Netanyahu: A Model of New Hitlerism
Netanyahu’s rhetoric of fear, his constant exploitation of security anxieties, and his expansionist policies all reflect the portrait of a leader obsessed with domination. Historian Ian Kershaw, in his study Hitler: A Biography (2008), describes this tendency as a “power obsession” that recognizes no limits and drags the nation toward its own destruction.
Today, Netanyahu repeats the same pattern: elevating weapons over diplomacy, hatred over coexistence, tyranny over pluralism.
Tools of “Ingenious Evil”
-
Global media: The ability to shape the narrative so that aggression appears as “legitimate defense.”
-
Economy and finance: Networks of interests that make criticism of Israel politically and economically costly.
-
Suspended international law: Use of the American veto to block accountability, rendering crimes unpunished.
-
Redefining victim and oppressor: The oppressed Palestinian is portrayed as the aggressor, while the heavily armed occupier is framed as the victim.

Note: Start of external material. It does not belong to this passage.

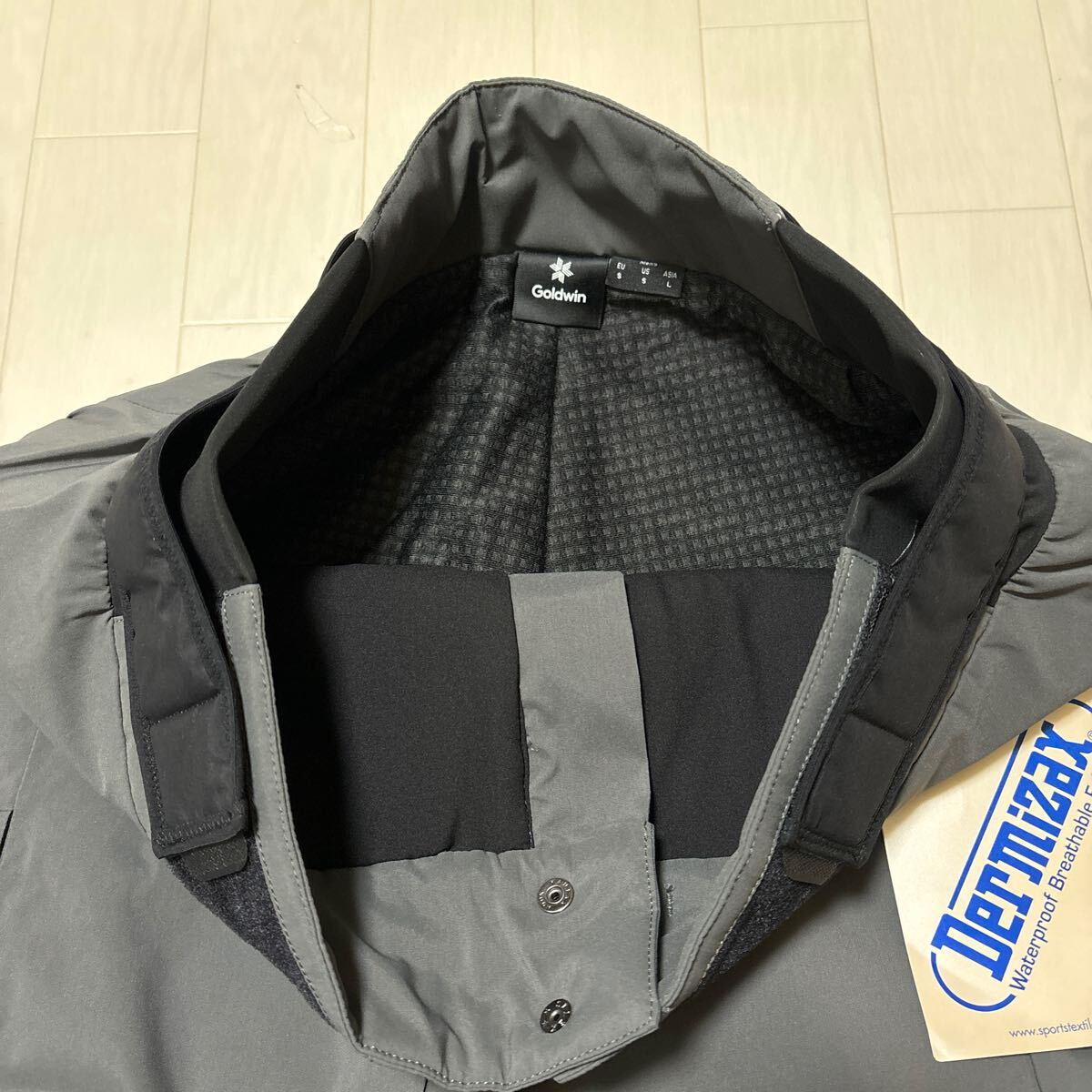 表素材には、Dermizax(R)2WAYストレッチ生地(耐水圧:20,000mmH2O or Higher(JIS L1092)透湿度:10,000g/m2)を使用。

Arab and Islamic Alternatives
Confronting this project cannot be achieved by rhetoric alone, but through coherent strategies:
-
Activating the Arab Common Market with a strict timeline, turning economic influence into a tool of resistance.
-
Diversifying arms sources to break dependency on Washington.
-
Pursuing diplomatic and legal efforts through international courts to redefine the narrative globally.
-
Launching professional media campaigns that counter the Zionist narrative with humane and realistic discourse.
-
Building strategic alliances with regional powers such as Turkey and with global powers like China and Russia.
Conclusion
The “new Hitlerism” represented by Netanyahu shows that history reproduces its evils when collective awareness fades and political action fragments. The response, however, should not be reactive hatred, but the construction of a counter-civilizational project—one that balances power with justice, politics with values, and interests with fairness.
History is clear: whoever walks in Hitler’s footsteps, even with a new face, cannot escape the same fate.